As examples of interagency evaluation, NSF could more proactively partner with agencies like the National Institutes of Health (NIH; including the National Institute of Environmental Health Sciences [NIEHS]) and the U.S. Environmental Protection Agency (EPA) on cross-agency initiatives, such as centers focusing on the connection between air quality and health. As discussed in PSA 4, the atmospheric chemistry community can bring important research to this inherently interdisciplinary topic including the chemical characterization of air pollution that leads to adverse health effects, improved quantification of exposures to pollutants, and the characterization of indoor environments. Closer connections of the atmospheric chemistry community with the epidemiology and toxicology communities could allow for enhanced progress. Examples of previous interdisciplinary work in this area show the enormous potential for progress. For example, meningitis outbreaks in sub-Saharan Africa have been tied to local weather, air quality and pollution sources, and climatic conditions, suggesting complex interactions between the atmosphere and human impacts (e.g., Deroubaix et al., 2013; Dukic et al., 2012; Hodgson et al., 2001).
Support of cross-cutting scientific research will require participation of multiple groups, such as from different directorates within NSF and/or a variety of government agencies (e.g., Centers for Disease Control and Prevention [CDC]), DOE, EPA, NASA, NIH, NOAA, as well as cooperation with international entities. Additionally, given the societal relevance of many areas of atmospheric chemistry, the Committee believes that
it is important to consider public engagement with atmospheric chemistry research. Examples of public engagement include participation in atmospheric chemistry measurements, use of air quality indicators, and making air quality data readily accessible in a user-friendly format.
Recommendation 5: The National Science Foundation should improve opportunities that encourage interdisciplinary work in atmospheric chemistry and facilitate integration of expertise across disciplines and across academia, institutes, government, and industry. This improvement may include support of focused teams and virtual or physical centers of sizes appropriate to the problem at hand.

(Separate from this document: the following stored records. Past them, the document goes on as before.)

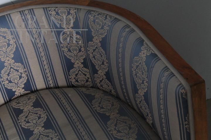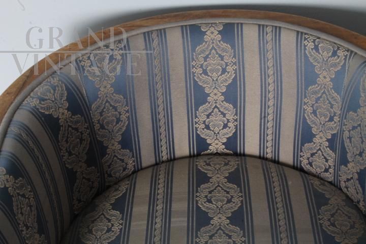 Antica poltrona art déco curva dalla forma a pozzetto in legno di noce, con una ricca imbottitura e tappezzeria rifatta a nuovo, Italia anni '30, perfetta da centro.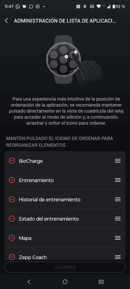 Amazfit anuncia 25 días de autonomía en uso típico. En mis pruebas reales, con notificaciones, siempre On Display apagado, entrenamiento diario y todos los sensores activos, me duró unos 15 días aproximadamente sin tocar ajustes. Con Always On Display habría perdido 5-6 días más. La autonomía puede cumplirse, pero la gracia es poder interactuar con tu teléfono y con tu actividad y eso sí o sí reducirá la autonomía.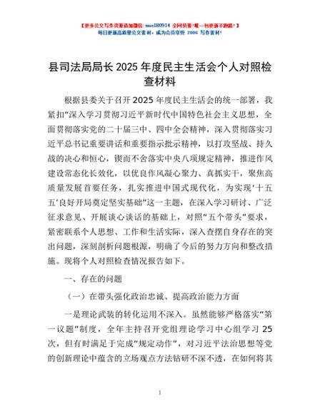 / 县司法局局长2025年度民主生活会个人对照检查材料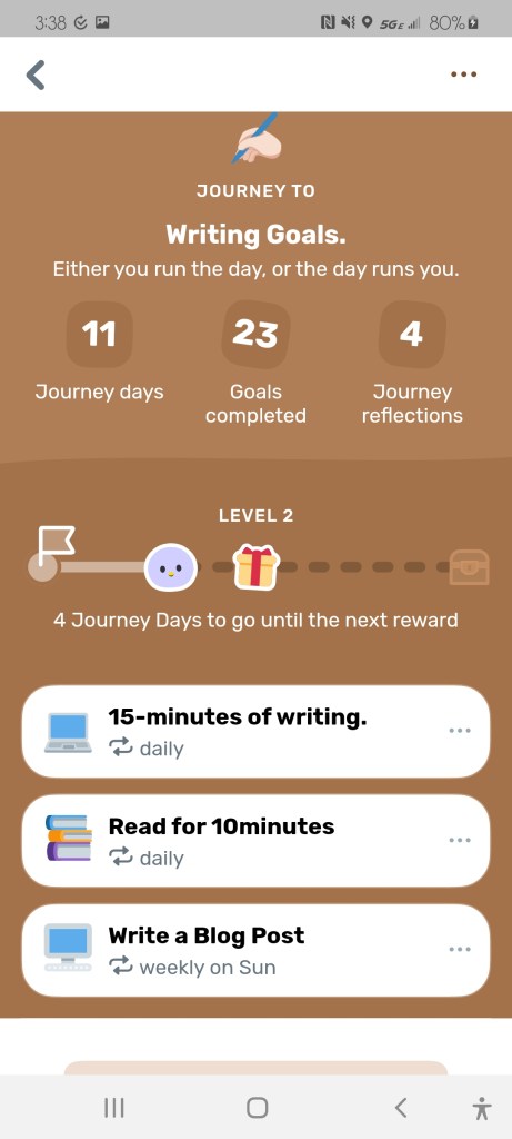 I’ve been on my Writing Goals journey for about 11-days now, and I’ve completed 23 goals towards it, and done 4 reflections. In four days, they’ll give my next rewards towards it, which is a neat little system that I like. I enjoy the rewards systems a lot because it’ll give you rainbow stones for your bird to customize them, or sometimes an item, accessory, or a piece of clothing.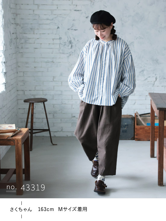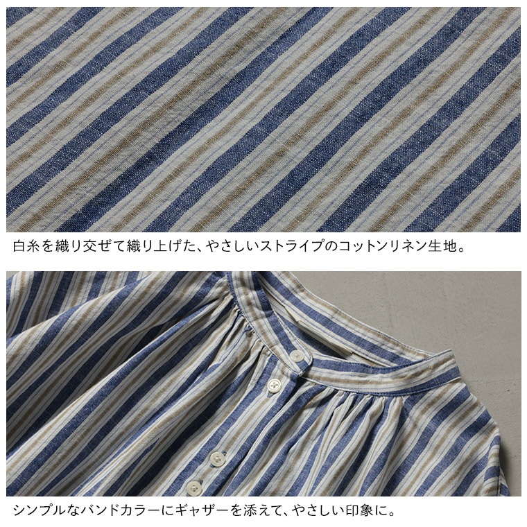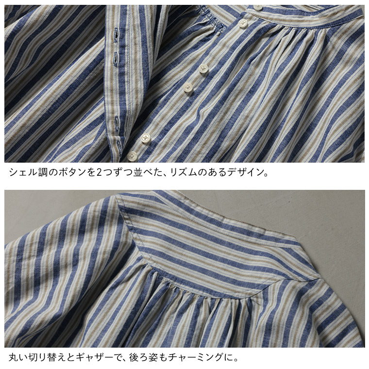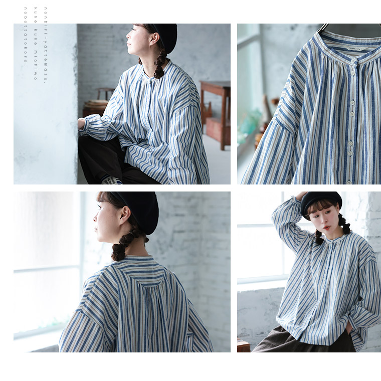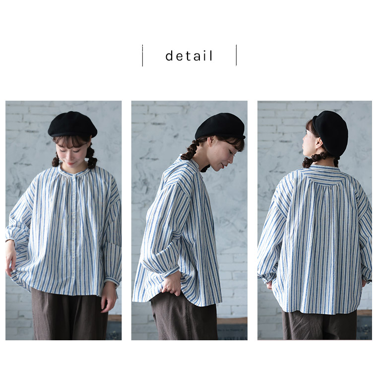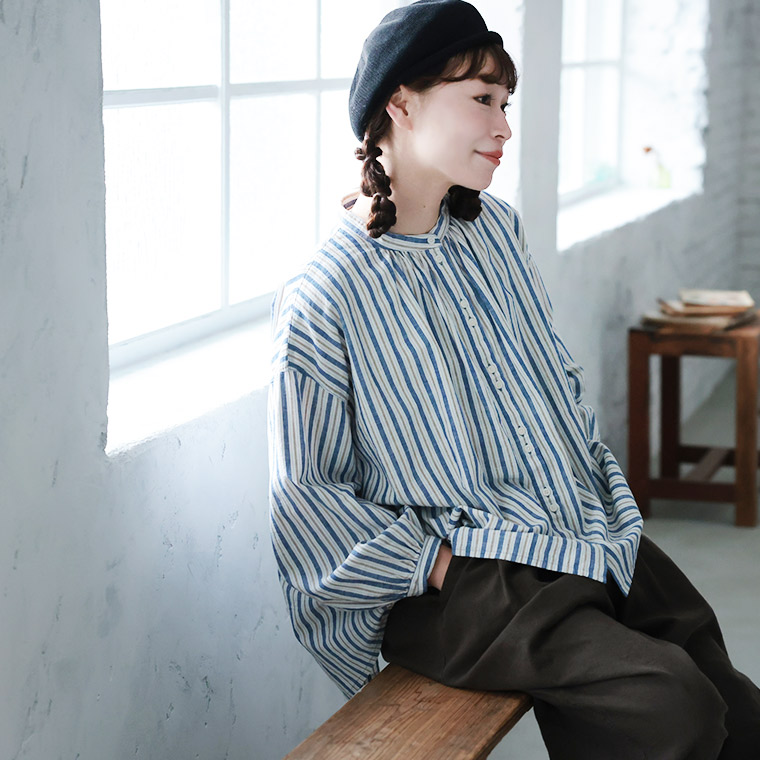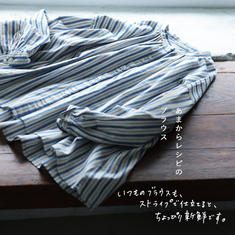 いつものブラウスも、ストライプで仕立ててみるとちょっぴり新鮮です。

Capacity Building and International Collaboration
Many of the scientific challenges discussed in Chapters 3 and 5 are global in nature and affect individuals from a wide array of backgrounds. Data from a diversity of regimes or representative environments within the United States and around the globe are critical to addressing these challenges, from quantifying the flow of atmospheric carbon and nitrogen between ecosystems and the atmosphere to understanding aerosol particle properties and precursors to unravel anthropogenic influences on climate.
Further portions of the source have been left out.